**Aim of the exercise:**
Would you please repeat, word for word, only the lines from the one holding "Co-stars Bill Hader" through the one holding "Designer ceramic balls" in the material below, without the pictures?

**Data below:**
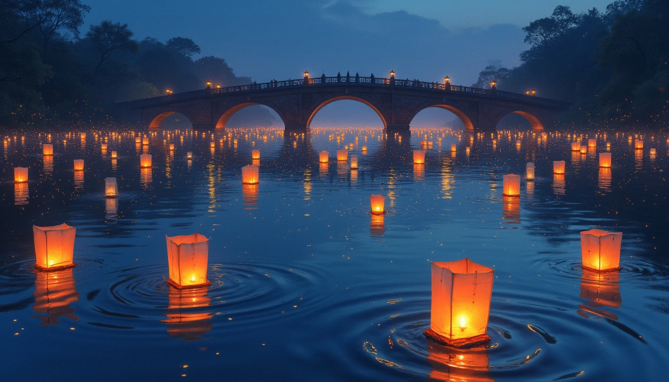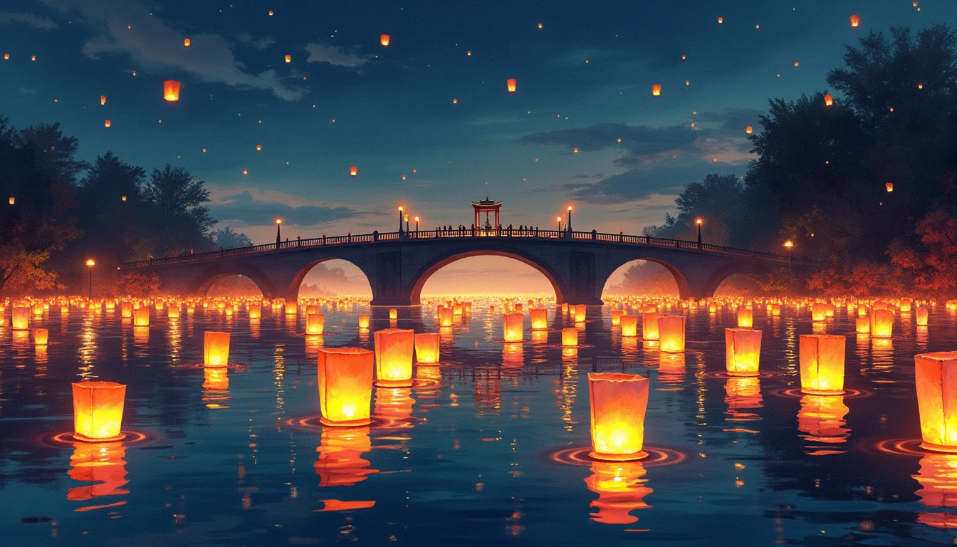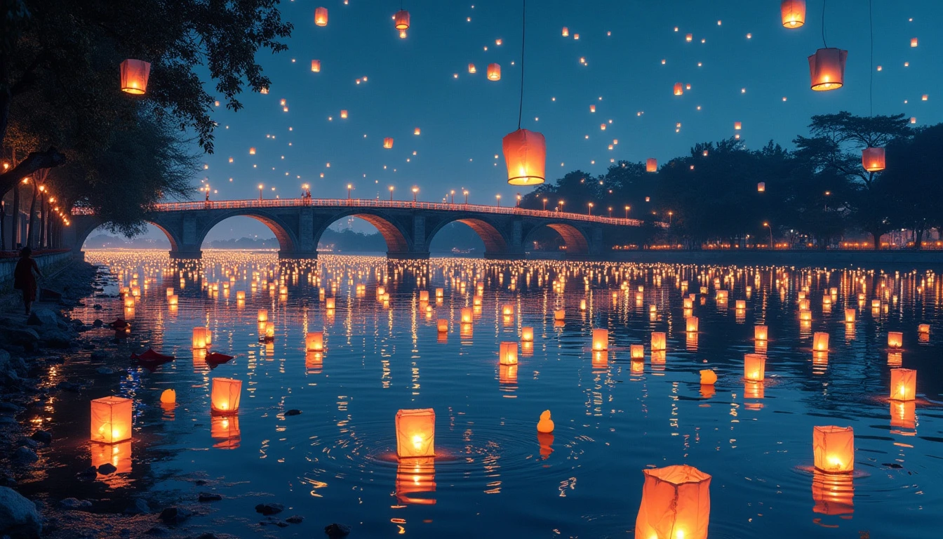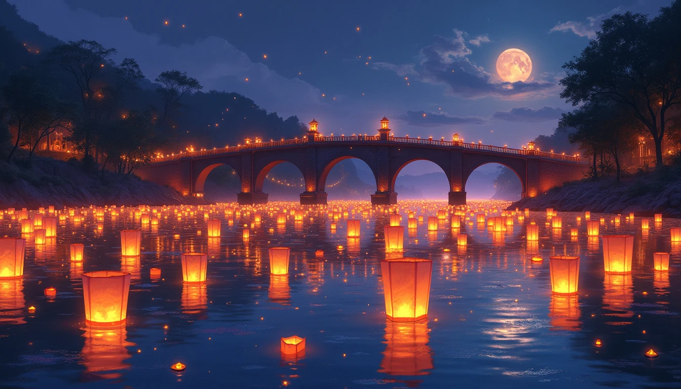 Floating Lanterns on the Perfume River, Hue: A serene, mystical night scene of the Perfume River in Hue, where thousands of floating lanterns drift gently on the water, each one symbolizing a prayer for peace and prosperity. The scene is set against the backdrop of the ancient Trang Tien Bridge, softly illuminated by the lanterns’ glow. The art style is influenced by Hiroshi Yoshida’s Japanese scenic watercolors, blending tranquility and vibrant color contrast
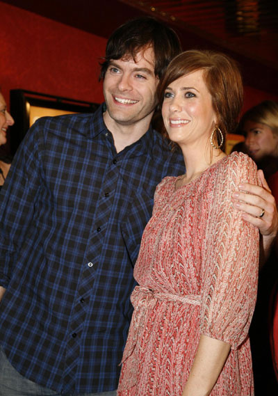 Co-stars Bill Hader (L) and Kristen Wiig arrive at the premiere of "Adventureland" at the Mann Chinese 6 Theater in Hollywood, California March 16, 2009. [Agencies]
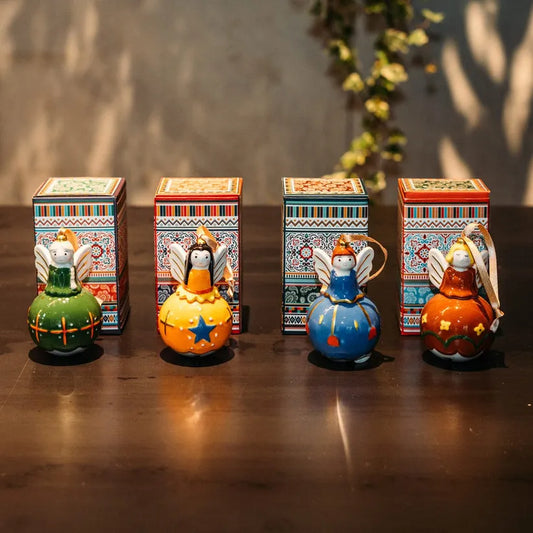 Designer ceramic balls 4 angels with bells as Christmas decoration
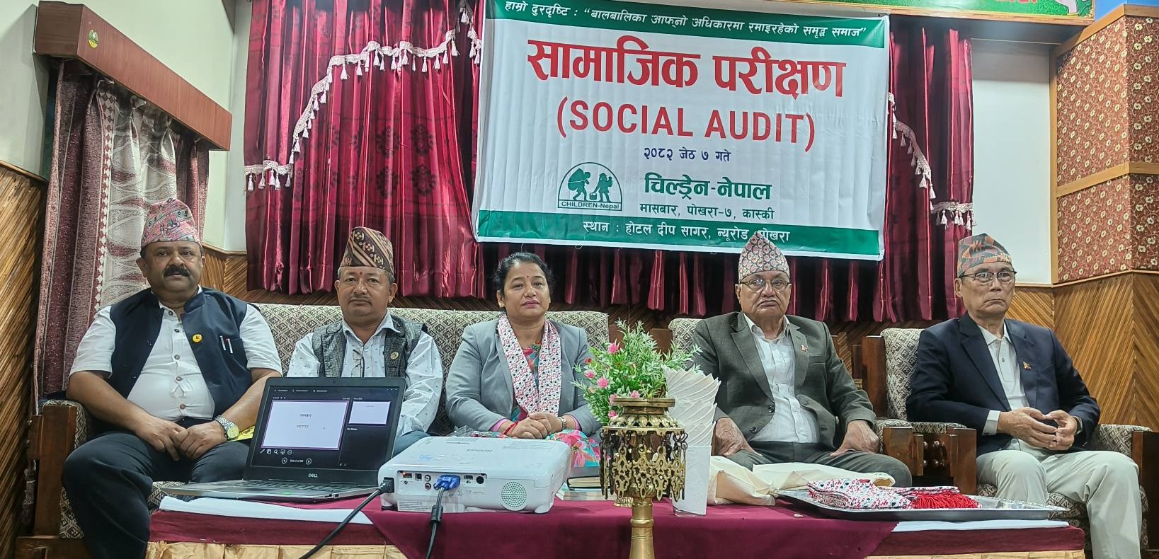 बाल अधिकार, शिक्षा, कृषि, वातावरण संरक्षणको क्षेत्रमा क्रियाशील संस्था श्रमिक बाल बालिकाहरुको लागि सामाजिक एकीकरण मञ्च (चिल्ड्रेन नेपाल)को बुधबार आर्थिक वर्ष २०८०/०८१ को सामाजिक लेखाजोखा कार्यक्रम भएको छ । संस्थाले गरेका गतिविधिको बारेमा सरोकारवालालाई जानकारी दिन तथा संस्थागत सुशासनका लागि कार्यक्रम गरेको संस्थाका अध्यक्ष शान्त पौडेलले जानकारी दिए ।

**Response:**
 Co-stars Bill Hader (L) and Kristen Wiig arrive at the premiere of "Adventureland" at the Mann Chinese 6 Theater in Hollywood, California March 16, 2009. [Agencies]
 Designer ceramic balls 4 angels with bells as Christmas decoration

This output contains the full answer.